I probably shouldn’t have done it, but I couldn’t help myself and gave him a fluttering kiss on the neck when I woke up. His skin always has an addictive salty quality to it and I went in again for another. He stirred enough to let me know that he was aware of what I was doing and I found myself on top of him, grinding my hips against his, silently asking for more. Operating on a level just below consciousness, we managed to get our clothing off so he could slide into me. I stifled a gasp when he filled me and bucked my hips forward, once again pleading for more. We were moving in slow motion; each touch and stroke reverberated into the next as if I was in the midst of an MDMA high but it was the need for silence that heightened everything. It was all sorts of fucked up, but I can’t deny how hot it was to feel his hand on my throat and watch him keep one eye on his sleeping roommate as we fucked. (I did mention a lack of decency, didn’t I?) He broke the trance by murmuring something, but it was too quiet for me to hear. He repeated himself again, moving my shirt up as his way of telling me he was about to cum. Pulling himself out, he came hard but quietly all over my stomach. Afterwards, he went to the bathroom and I took the opportunity to examine his handiwork. He came back to catch me swirling my fingers through it and I held his gaze as I moved my fingers into my mouth and sucked his cum off of them. Maybe it was my imagination, but I swear I saw him shake his head in disbelief.

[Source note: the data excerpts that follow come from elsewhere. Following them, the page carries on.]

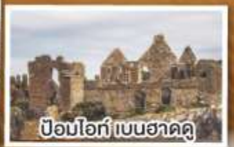
ป้อมไอ้ก่ เบนฮาคดู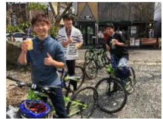
たベコギのイメージ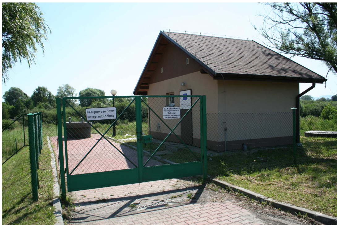
Pompownia na ul. Dębowej

He handed me a towel to clean up and collapsed next to me. I looked at the time and allowed myself a few more minutes before heading back to reality. Finally, I had to jet and I gave him a silent kiss on the forehead as my farewell. I barely had 15 minutes to pack my bags and get changed before heading to the airport so I skipped the shower. The horror of what we had done didn’t set in until I was sitting in the Uber, smelling very much like his cum and wondering if his roommate had really been asleep.
I haven’t really talked to him since. I’ve contemplated a bit about our dynamic but it’s fairly hard to catch his attention once you’re out of the line of sight. Besides, it’s become alarmingly clear that our personalities don’t really mesh outside of the bedroom. It’s unavoidable that our paths will continue to cross, but there’s no expectation that we’ll pick up where we left off. In the meantime, I’ll continue trying to forget him all over again. Lol…maybe I’ll throw in a few blondes to try and buck the trend. Or cave in and allow the Domme in me to come out for a bit. In any regards, there’s probably a massive hate fuck in my future ;) Until that time comes, I wish you all the best.